I don't pay much attention to my hair anymore, which is why I was surprised recently when I looked in the mirror to find streaks of silver nestled in the chestnut. My off-center part had hidden them well so when I finally discovered them, they had already grown the full length of my hair. Now that I've noticed them, it is hard to not notice them. They are bright and shiny, and catch the sunlight in an oh-so-obvious way.
Truthfully, I kind of like it. Yeah, it makes me feel older, but that is okay. I've always looked far younger than my age and it was often difficult to be taken seriously, especially when I showed up to engineering interviews looking like a high school sophomore. I eventually just had to let myself get a bit haggard in the details because when I actually bother to clean myself up, I look even younger.
I am not old, just older. Though you wouldn't tell by looking at me, my high school days are well over a decade behind me. I still get yelled at for being places a teenager shouldn't be. I went into a liquor store with my friend and husband two years ago, and the clerk yelled, "You can't bring that little one in here!" Of course, it solicited guffaws from my companions, who are both younger than me. I was once chased into a theater by a teenaged usher who cried out for everyone to hear, "Are your parents here? Where are your parents?" When I went to a Halloween concert hosted by the radio station I worked for, the guy at the door accused me of having a fake ID and threatened to call the cops. I asked him who would pretend to be 23 and one of my fellow DJs convinced him to just stamp me as a minor so I could come in. I received my share of dirty looks from assumptive people when I was pregnant, but my husband got even worse ones when he was with me.

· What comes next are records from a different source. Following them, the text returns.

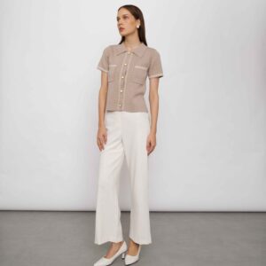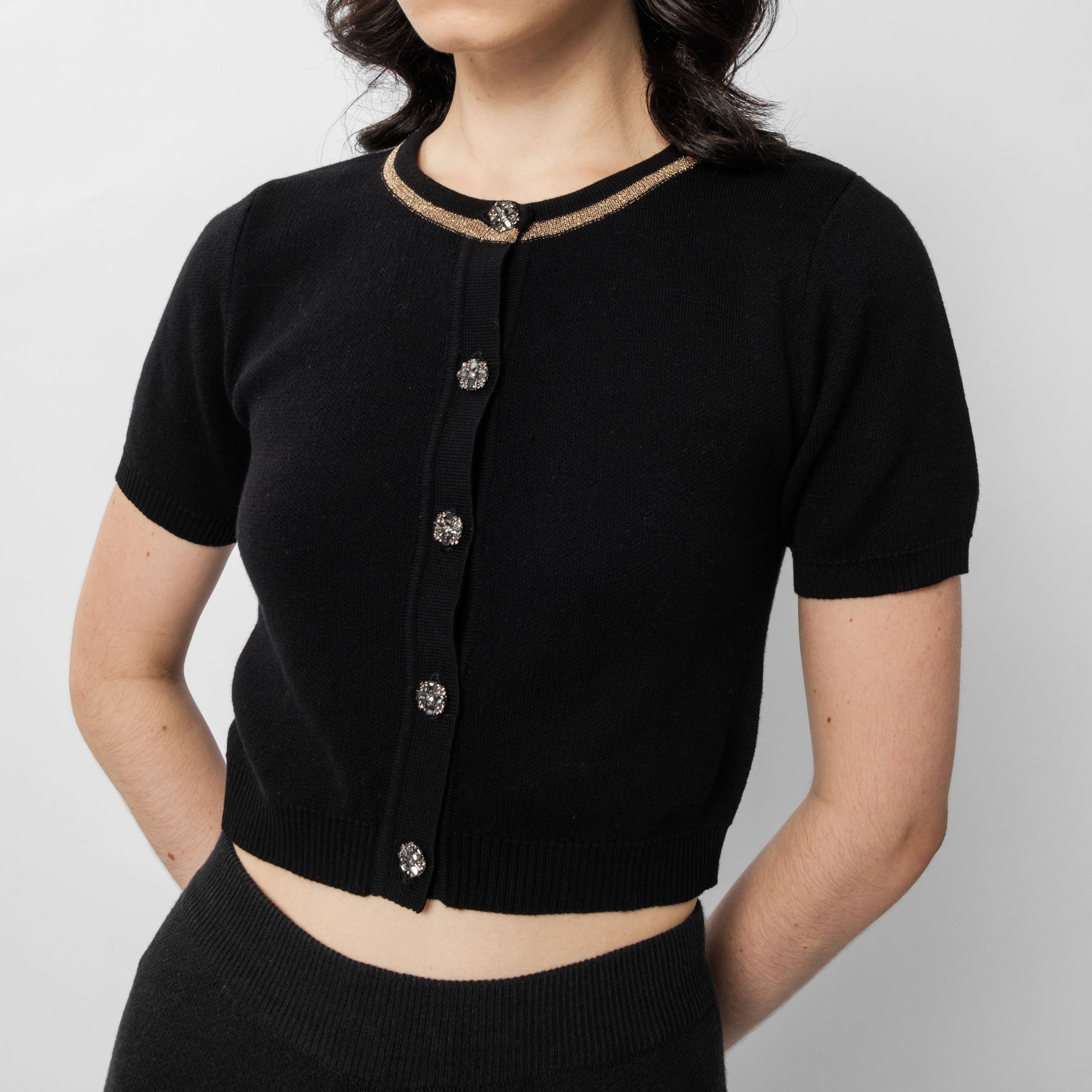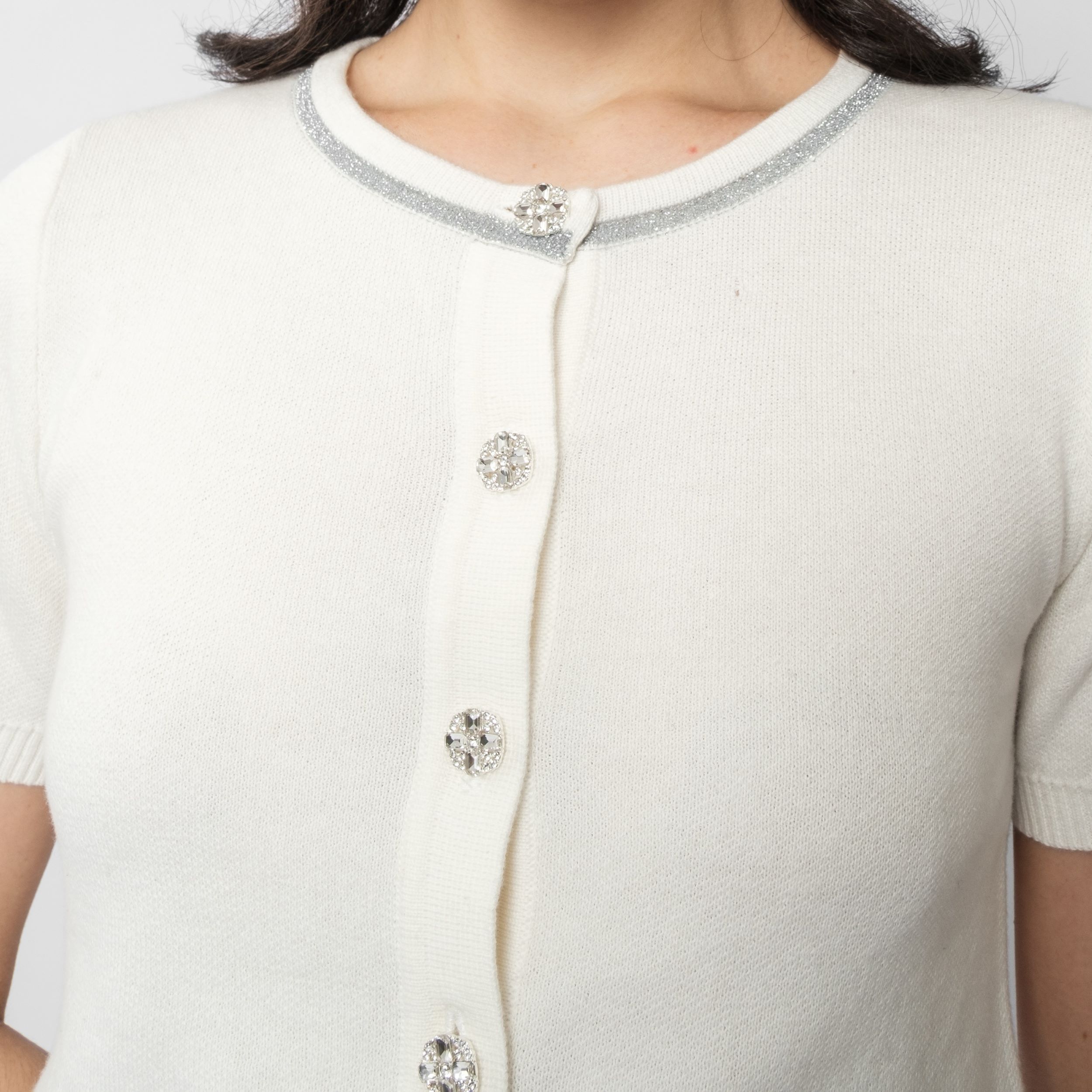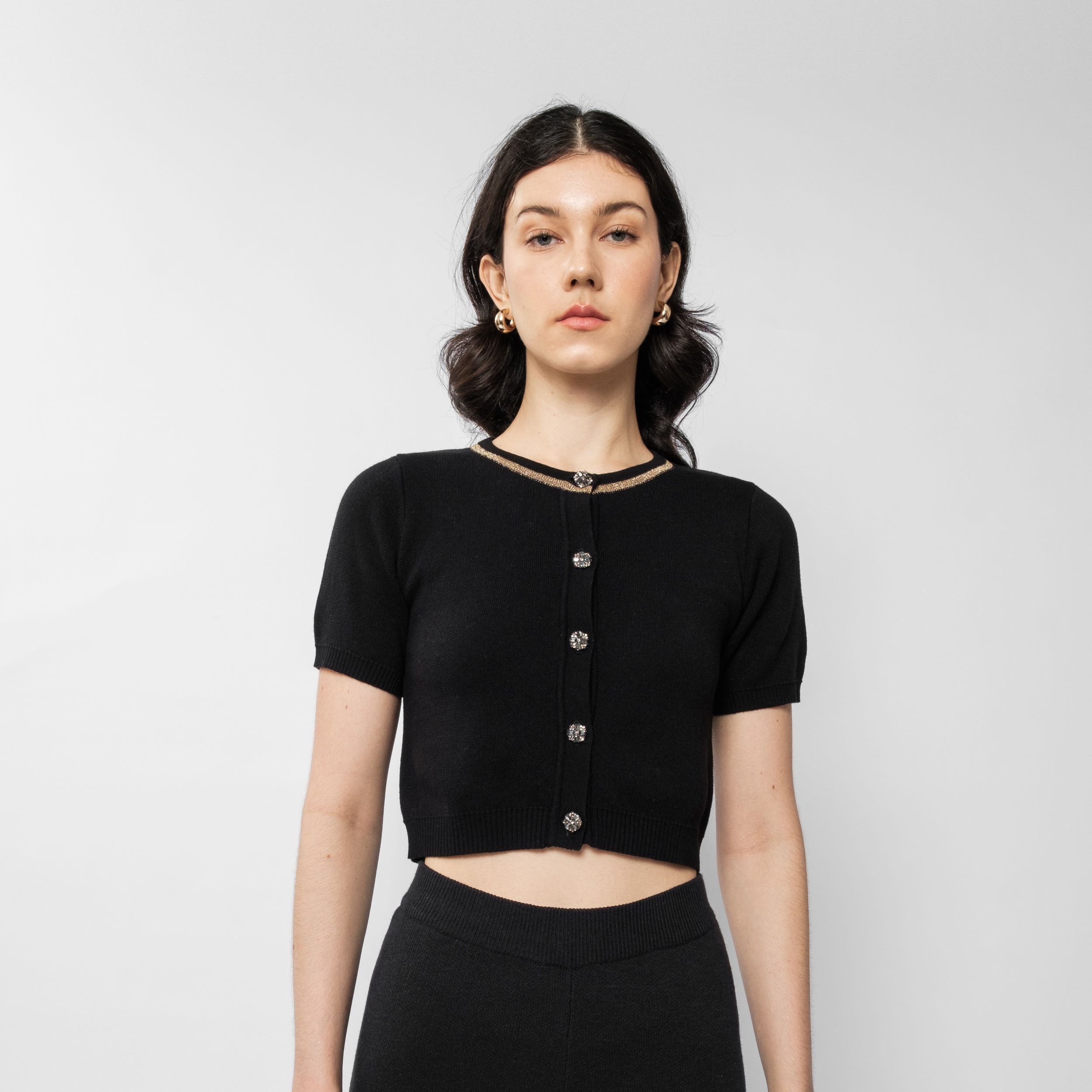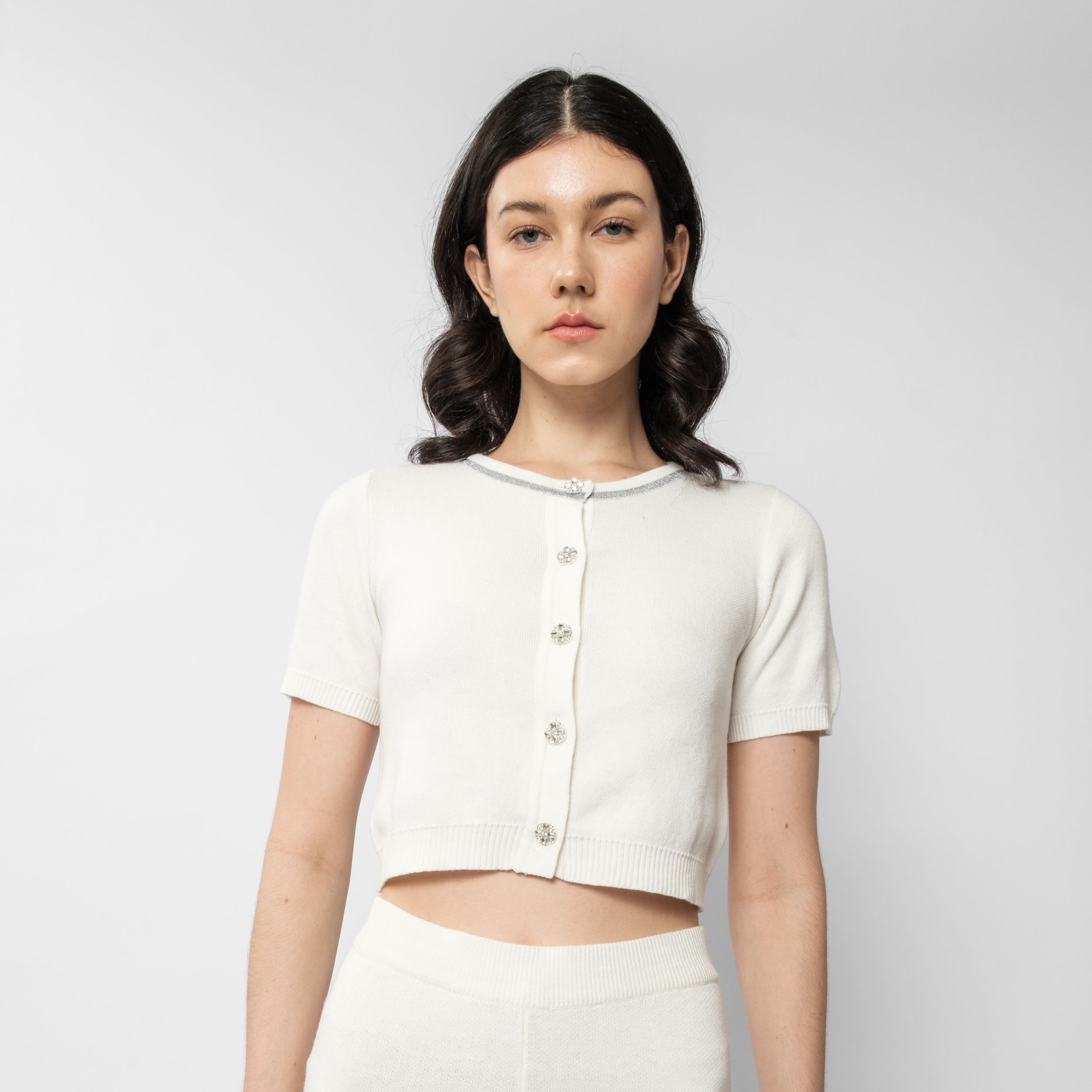 Cropped knit top with O-neck and details around it. Equipped with elegant buttons to add the top more in style.
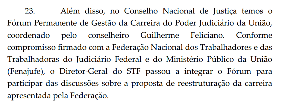 O DG sugeriu que o Fórum de Carreira do CNJ encaminhe a revisão anual dos salários dos(as) servidores(as) do PJU, como proposta legal, e que inclusive, seja uma proposta de maneira legal, como encaminhamento do fórum. A Fenajufe vai encampar a sugestão e trabalhará em defesa da revisão. E que além disso, o presidente do STF e do CNJ, ministro Luís Roberto Barroso, firmou um compromisso com os servidores ao designar o diretor-geral para representar o STF na discussão da reestruturação da carreira, no Fórum de Carreira do CNJ. O ministro, inclusive, mencionou a Fenajufe ao votar a proposta orçamentária para o exercício de 2025, demonstrando compromisso quanto à reestruturação da carreira do PJU.
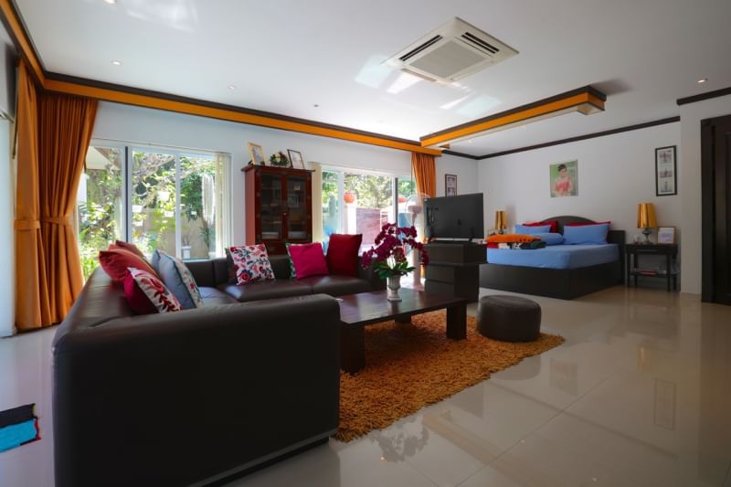 Best Location in Jomtien : very quiet in a secured Five Star Estate, walking distance to the beach, shopping, market, many restaurants and entertainment.
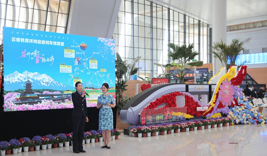 昆明南站以花会客 邀您“香”约云南
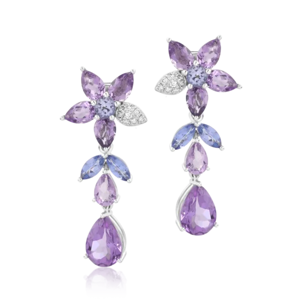 Cercei din aur alb cu pietre pretioase si semipretioase de 9.39ct
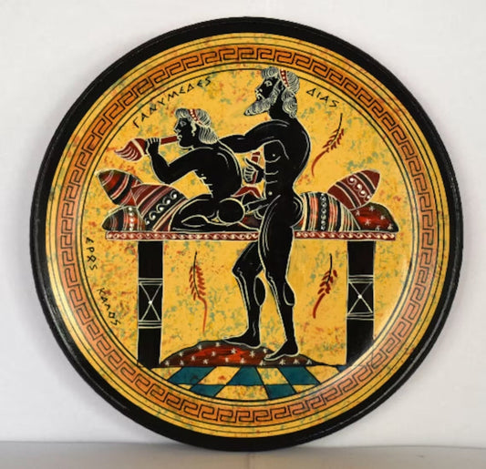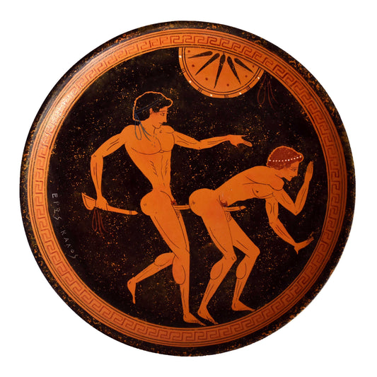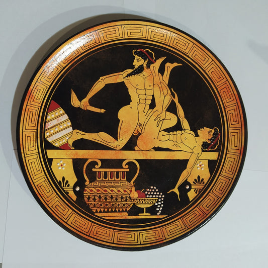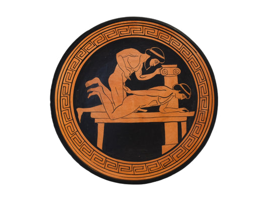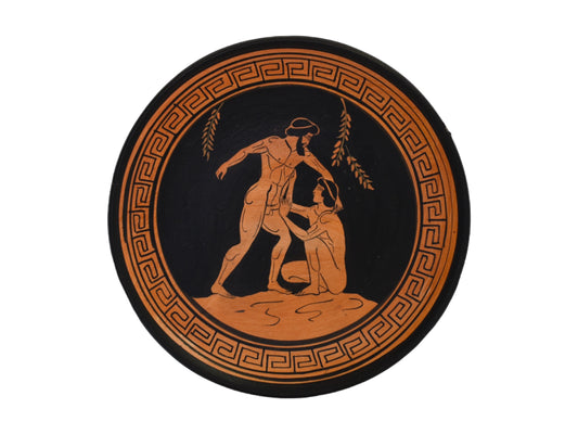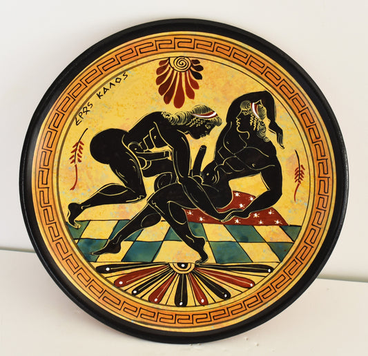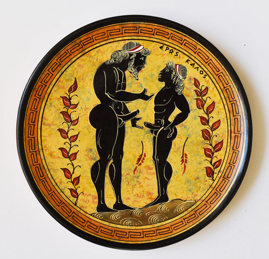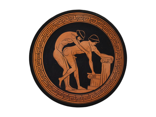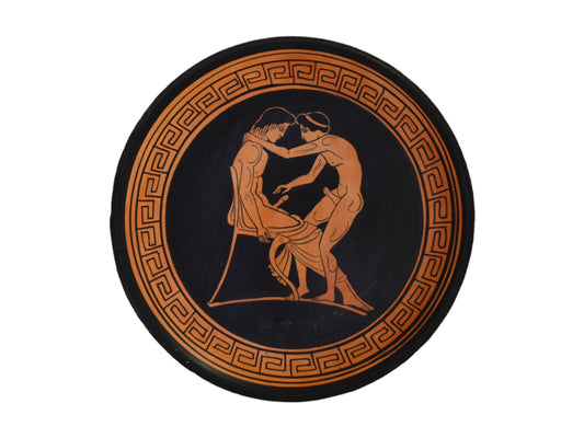 Homoerotic Scene between Two Males - Athens, 500 BC - Representation of Red Figure Vessel - Ceramic - Meander design - Handmade in Greece
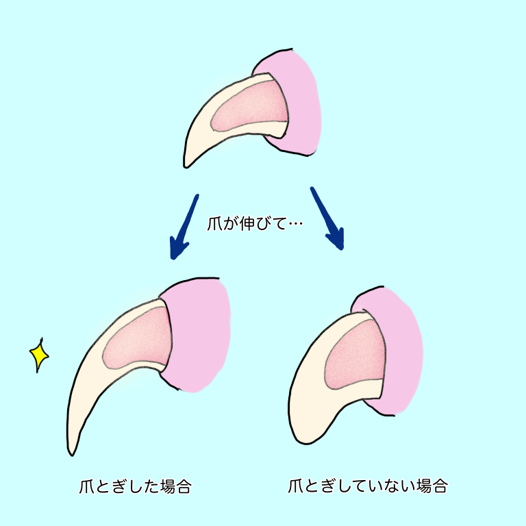 ネコは爪とぎをすることで爪を短く、鋭く保ちますから、爪をとがなくなれば自ずと伸び続けてしまいます。
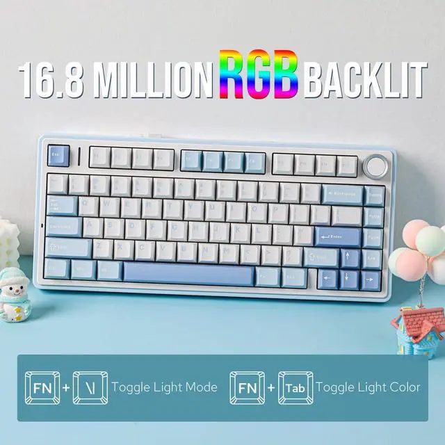Engage in the dynamic glow of the F75's RGB backlight, presenting a rich spectrum of 16.8 million colors for a personalized typing environment. Tailor lighting patterns to suit your preferences, creating a desktop atmosphere that adapts to your mood.
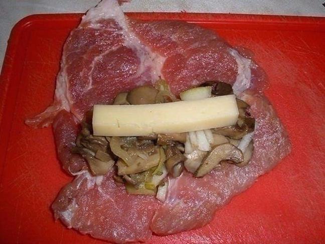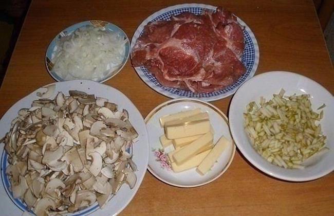Мясо нарезаем на продолговатые ломтики, отбиваем, солим, перчим. Лук нарезаем полукольцами, грибы - пластинами, грушу - небольшими кусочками. Сыр нарезаем полосочками толщиной 0,5*0,5 см.
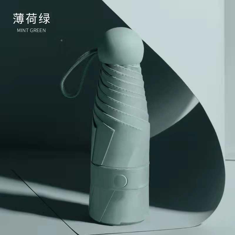 round mint green: 48.5cm * 6k five-fold umbrella

I have decided to keep the silver and let it roam free and even bring along friends. I used to dye my hair a variable plethora of colors, but after college, I decided it wasn't worth the effort since it grew out too quickly. The days of electric blue with violet streaks are over, though I do sometimes look fondly upon the young punks and contemplate adding a few vibrant highlights. These days, I just maintain my ridiculously coarse, thick hair with nothing more than baking soda and apple cider vinegar, and that regimen suits my casually tree-hugging attitude a bit more. The silver stays and maybe I'll finally start to look my age.
Really, I love the look of a fully-silver head of hair. I see too many people hide their grays and end up looking ridiculous under a crown of eggplant, yellow, or jet black, which only accentuates the grays in their eyebrows. The transition from color to monochrome might be a bit awkward, but that isn't really a big deal to someone who hasn't touched hair dye or makeup in six years. Maybe I'll finally get to go see an R movie without being carded and harassed by gangling adolescents with misspelled first names.
I'll leave you with a bit of dialogue from 3rd Rock From The Sun...
Mary: I think you look distinguished with gray hair.
Dick: Thank you. I think you would look distinguished with gray hair, too.
Mary: No. When men get gray hair, they look distinguished. When women get gray hair, they look old.
Dick: When women get breasts, they look sexy. When men get breasts, they look old.